Pfizer's ABRYSVO RSV Vaccine Granted FDA Approval for At-Risk Adults

On Oct. 22, Pfizer Inc announced that the U.S. Food and Drug Administration (FDA) has approved ABRYSVO (Respiratory Syncytial Virus Vaccine), the company’s bivalent RSV prefusion F (RSVpreF) vaccine, for the prevention of lower respiratory tract disease (LRTD) caused by RSV in individuals 18 through 59 years of age who are at increased risk for LRTD caused by RSV.

A press release on the announcement said, “ABRYSVO now offers the broadest RSV vaccine indication for adults, which previously included those 60 years and older. Additionally, it remains the only RSV immunization approved for pregnant individuals at 32 through 36 weeks of gestation to protect infants from birth up to 6 months of age.”

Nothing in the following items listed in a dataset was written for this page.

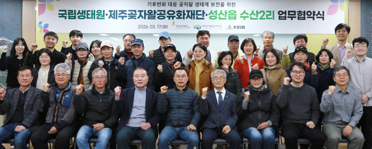 [한라일보] 환경부 산하 국립생태원(원장 이창석)과 서귀포시 성산읍 수산 2리(이장 오영삼), 제주곶자왈공유화재단(이사장 김범훈)은 지난 17일 재단에서 마을주민들이 참석한 가운데 수산곶자왈의 기후변화 대응 곶자왈 연구보전 및 교육 등 지역 공동체와의 상호 협력을 다짐하는 상생 업무협약을 체결했다.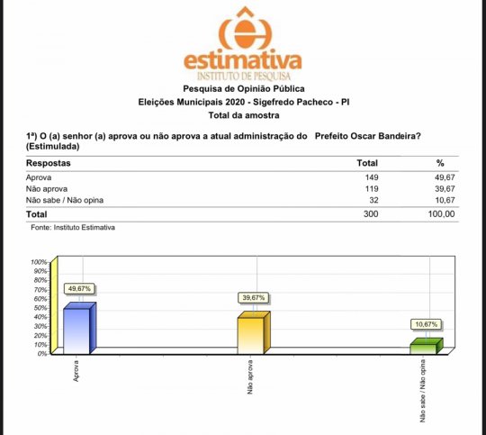 Os dados da pesquisa estimulada apontam que 49,67% dos entrevistados aprovam a administração do prefeito Oscar Bandeira; 39,67 não aprovam e 10,67 não sabe/não opina. Oscar Bandeira está em seu segundo mandato e os números mostram que sua gestão é bem avaliada com quase 50% de aprovação.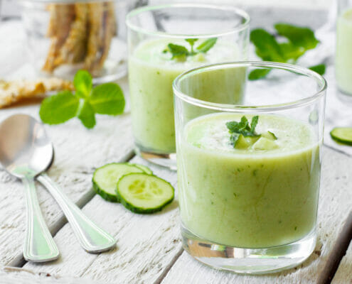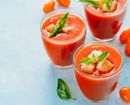 SopporDet är en kall soppa, som blir perfekt på sommaren. Du serverar den som lunch, förrätt eller som shot i små glas på buffén. Du bara blandar ingredienserna och mixar i din matberedare. Kyl och servera svalt.

Further, “The FDA’s decision is based on inferred efficacy 1 from the pivotal Phase 3 clinical trial (NCT05842967) MONeT (RSV I M munizati ON Study for Adul T s at Higher Risk of Severe Illness), which investigated the safety, tolerability, and immunogenicity of ABRYSVO in adults at risk of RSV-associated disease due to certain chronic medical conditions. The company intends to submit results from MONeT for publication in a peer-reviewed scientific journal and for presentation at an upcoming scientific conference.”

Among U.S. adults 18 to 49 years of age, 9.5% have an underlying chronic condition that puts them at increased risk of developing, and being hospitalized for, RSV-associated LRTD, and this rises to 24.3% among those 50 to 64 years of age.